OJS OCS OMP OHS

You are viewing the PKP Support Forum | PKP Home Wiki



"VIEW ORIGINAL" no longer showing in results

Open Harvester Systems support questions and answers, bug reports, and development issues.

Moderators: jmacgreg, michael, John

Forum rules
Developer Resources:

Git: You can access our public Git Repository here. Comprehensive Git usage instructions are available on the wiki.

Bugzilla: You can access our Bugzilla report tracker here.

Search: You can use our Google Custom Search to search across our main website, the support forum, and Bugzilla.

Questions and discussion are welcome.

"VIEW ORIGINAL" no longer showing in results

Postby fredriley » Fri Dec 07, 2007 7:24 am

Hi again

This is a stumper.

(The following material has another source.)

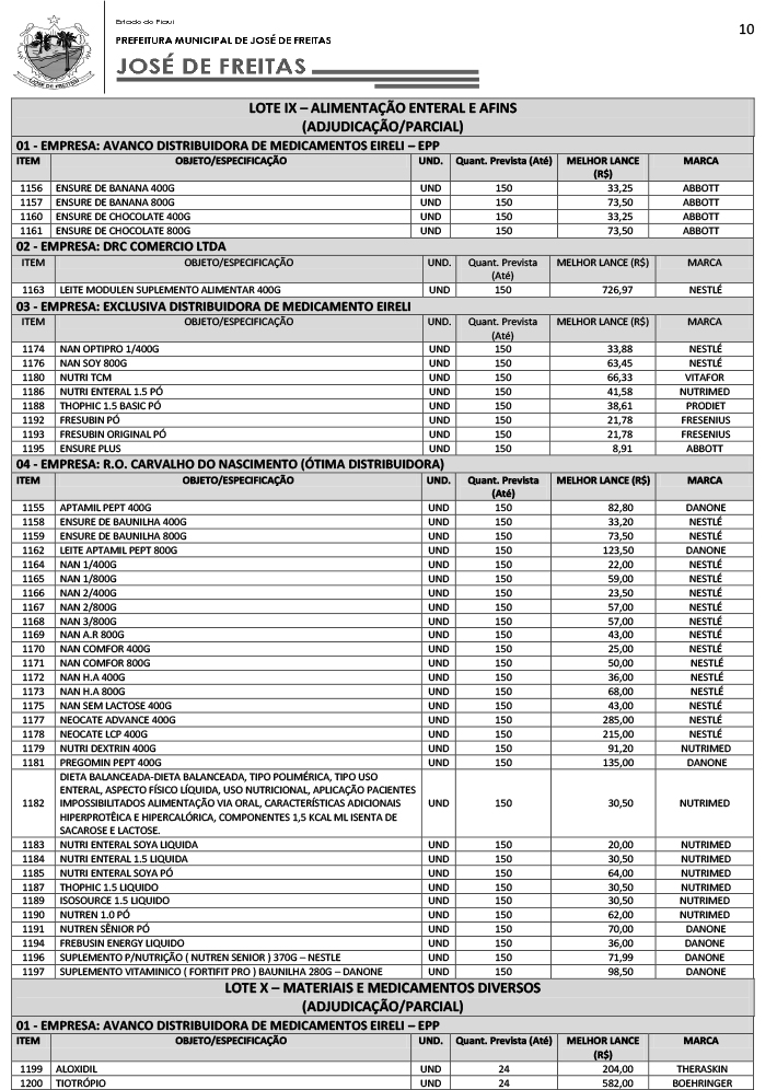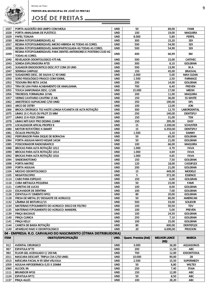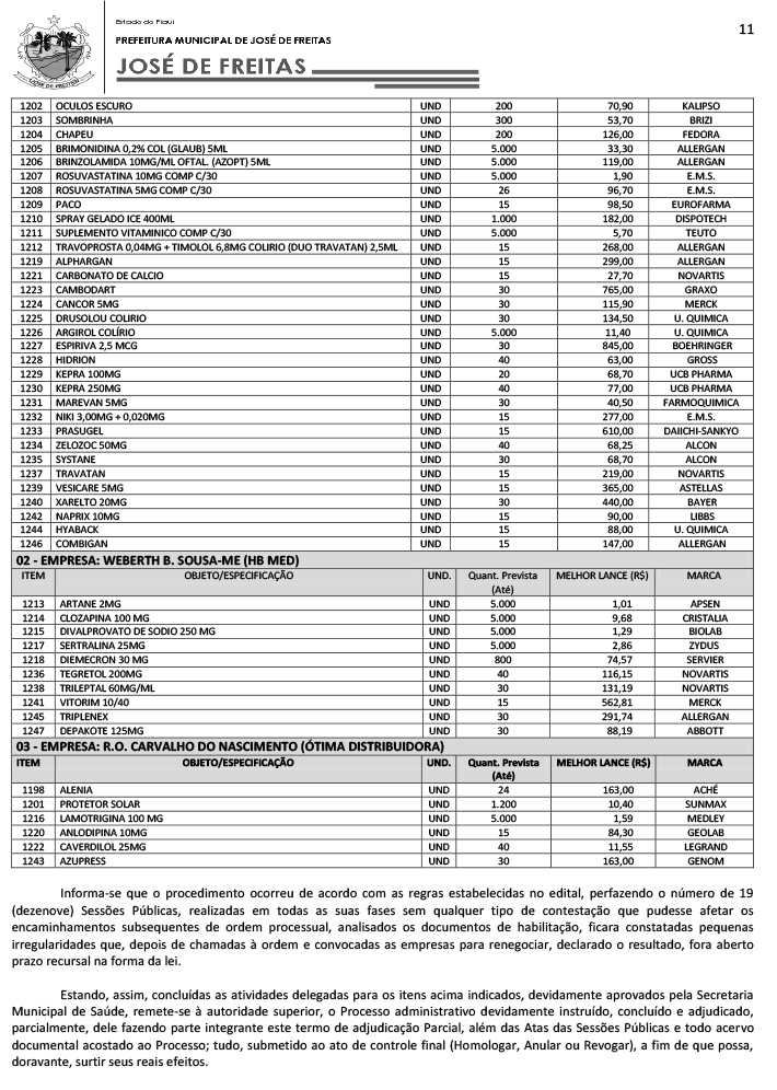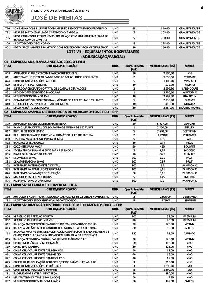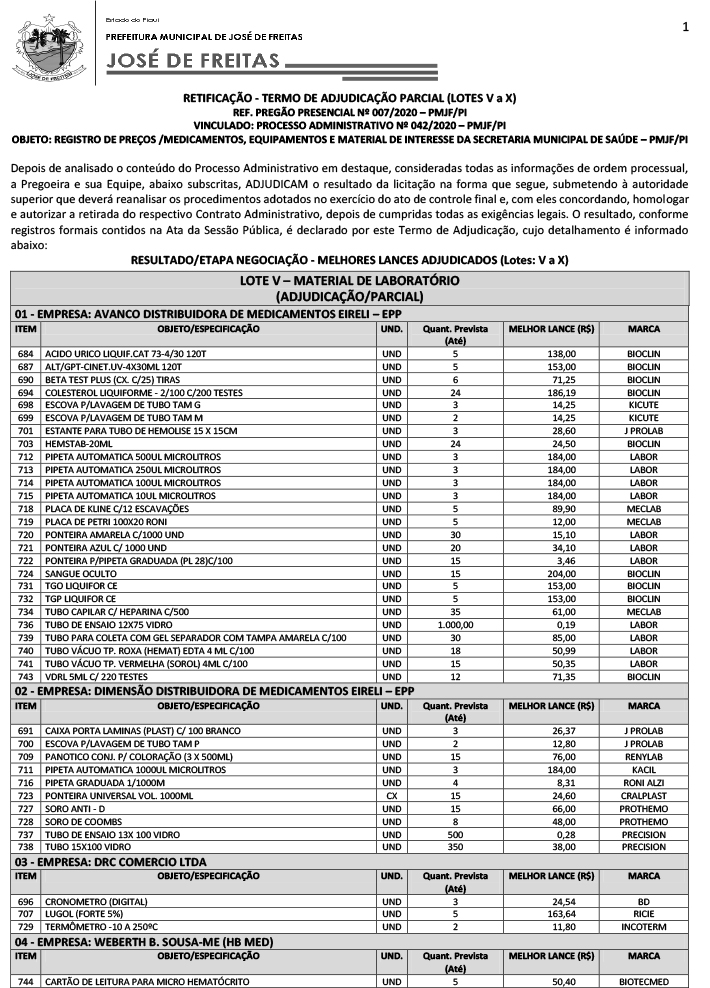 RETIFICAÇÃO - TERMO DE ADJUDICAÇÃO PARCIAL (LOTES V a X) REF. PREGÃO PRESENCIAL Nº 007/2020 – PMJF/PI VINCULADO: PROCESSO ADMINISTRATIVO Nº 042/2020 – PMJF/PI OBJETO: REGISTRO DE PREÇOS /MEDICAMENTOS, EQUIPAMENTOS E MATERIAL DE INTERESSE DA SECRETARIA MUNICIPAL DE SAÚDE – PMJF/PI Depois de analisado o conteúdo do Processo Administrativo em destaque, consideradas todas as informações de ordem processual, a Pregoeira e sua Equipe, abaixo subscritas, ADJUDICAM o resultado da licitação na forma que segue, submetendo à autoridade superior que deverá reanalisar os procedimentos adotados no exercício do ato de controle final e, com eles concordando, homologar e autorizar a retirada do respectivo Contrato Administrativo, depois de cumpridas todas as exigências legais. O resultado, conforme registros fo

I'm managing the Harvester instance at http://www.rlo-cetl.ac.uk/harvester2/ which is hosted on a Windoze server. Until yesterday if you did a search (eg "Java") you got a list of titles with "VIEW RECORD" and "VIEW ORIGINAL" links, the latter of which was the public URL of the resource in the harvested repository. Then I made two admin changes:

1. Removed all bar the rlocetl archive (I'd harvested two other sources just as a demo)
2. Updated the rlocetl index.

Suddenly searches only showed "VIEW RECORD", with the link to the resource no longer appearing. Similarly, in the full record where there used to be a link in Identifier to the public URL (eg http://www.rlo-cetl.ac.uk:8080/test/IntraLibrary?command=open-preview&learning_object_key=i08n13448t), this had also disappeared. I'd thought this was a problem with the repository software (Intrallect's Intralibrary), but today I've used a Harvester instance on a Macbook at home running OS/X and updated the same metadata index, and the search results include "VIEW ORIGINAL". I've not yet carried out (1) on the local instance as I don't want to delete archives unnecessarily. Is there any reason why "VIEW ORIGINAL" should disappear like this? There've been no tweaks to the repository software config as far as I'm aware, and the fact that it works fine on my home machine indicates the problem lying with Harvester. I've compared the two Harvester configs and they appear to be identical. I've not yet tried to compare the full mySQL and/or PHP configs.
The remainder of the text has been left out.